よく、病院のランキングがあるでしょう。この病院に行けば良い手術をしてくれるとか、設備の整った病院や、最新技術を取り入れているのはここ、というようなランキングです。でも、ここに行けば安らかな温かい看取りができる、というようなランキングはありませんよね。
中川:
お医者さんは死については話さないし、患者さんも触れたがりませんから。
朝日:
でも、人は誰でも間違いなく死ぬのですから、治すだけが医療か?と思うんですよ。全部の方が治るかといったら、それは無理なのですから、辛い治療を受けて苦しんで悩んでというより、言葉は悪いかもしれませんが、気持ち良く死んでいただくことが重要でしょう。そして、医者はいい死に方をサポートすることも大事だと思うのです。
中川:
病院のお医者さんとしての長いお仕事から、そういう思いに至られたのでしょうね。
朝日:
そうです。35年間医者をしていますが、もちろん興味があったのは“治すこと”でした。治らなければ、達成感がないじゃないですか。死は医療の敗北だと言われていました。でも、それでしたら80万人が亡くなるそのときは、いつだって敗北でしょう。私は割合に早い時期の昭和58年から、ガン告知を始めました。まだ日本では少数派でしたから、英文の論文を読んだりしながら、試行錯誤して始めたのですが、「告知」から「死」を見つめることになり、それからいろいろと勉強して、実践して、その繰り返しで学びを深めてきました。

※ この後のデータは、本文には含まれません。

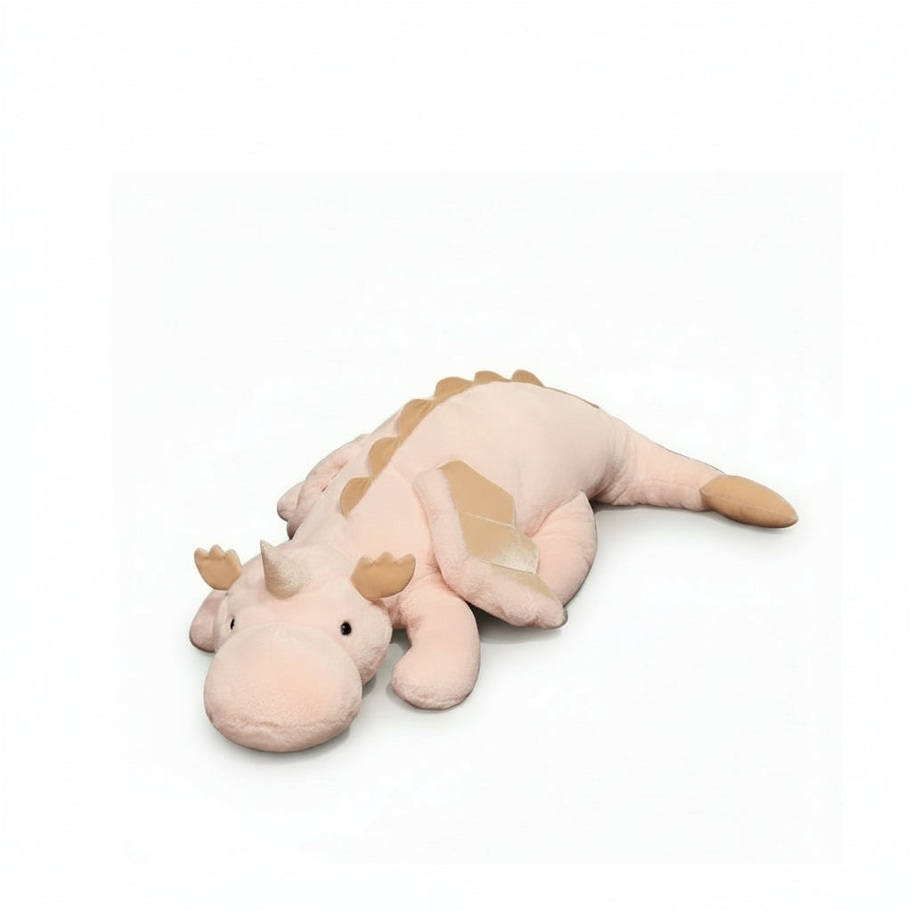 Laissez-vous émerveiller par Dragon'Câlin , la peluche dragon géante blanche et rose ornée d'une corne de licorne et de superbes ailes magiques !

遺族の方々に集まっていただき茶話会をもって、話を聞かせてもらいました。今、家族を入院させている家族の方は、いわば病院に「人質」をとられているようなものだから(笑)、医者にはなかなか本音は言いづらいでしょう。でも、遺族はもう人質がいないのですから言える。そういう先輩の方々の意見を聞くことも、勉強になりました。
長い人生を共に過ごしたご夫婦は、いつも春風が気持ち良く吹いているときばかりではなかったでしょう。でも、死の間際にご主人が万感の思いを込めて「カアチャン、有り難う」と言ってくれたという方は、遺された後も心が安定しているんですね。一方、無念の死、未完の死を迎えてしまった場合は、ああしてあげれば良かったという後悔があり、それがトラウマになり、キズになっているのですね。だから、ご本人に死を告知してご夫婦で、いい時間を持てるように配慮することが必要じゃないかと思うのです。
中川:
感謝の気持ちは、いいエネルギーですから、そういういい氣の交流はお互いの心を癒しますね。
朝日:
私は看護学生に「死は受験」だと言っています。英語、国語、数学、理科、社会の受験勉強を3日でやれ、と言ったらパニックになってしまいますよね。死だって、急に言われたら慌てますよ。早い時期から少しずつ死の準備をしていくことが大事でしょう。
中川:
そしてまた、今、生きている時間をより良くするために死を考える、そういうことでもありますね。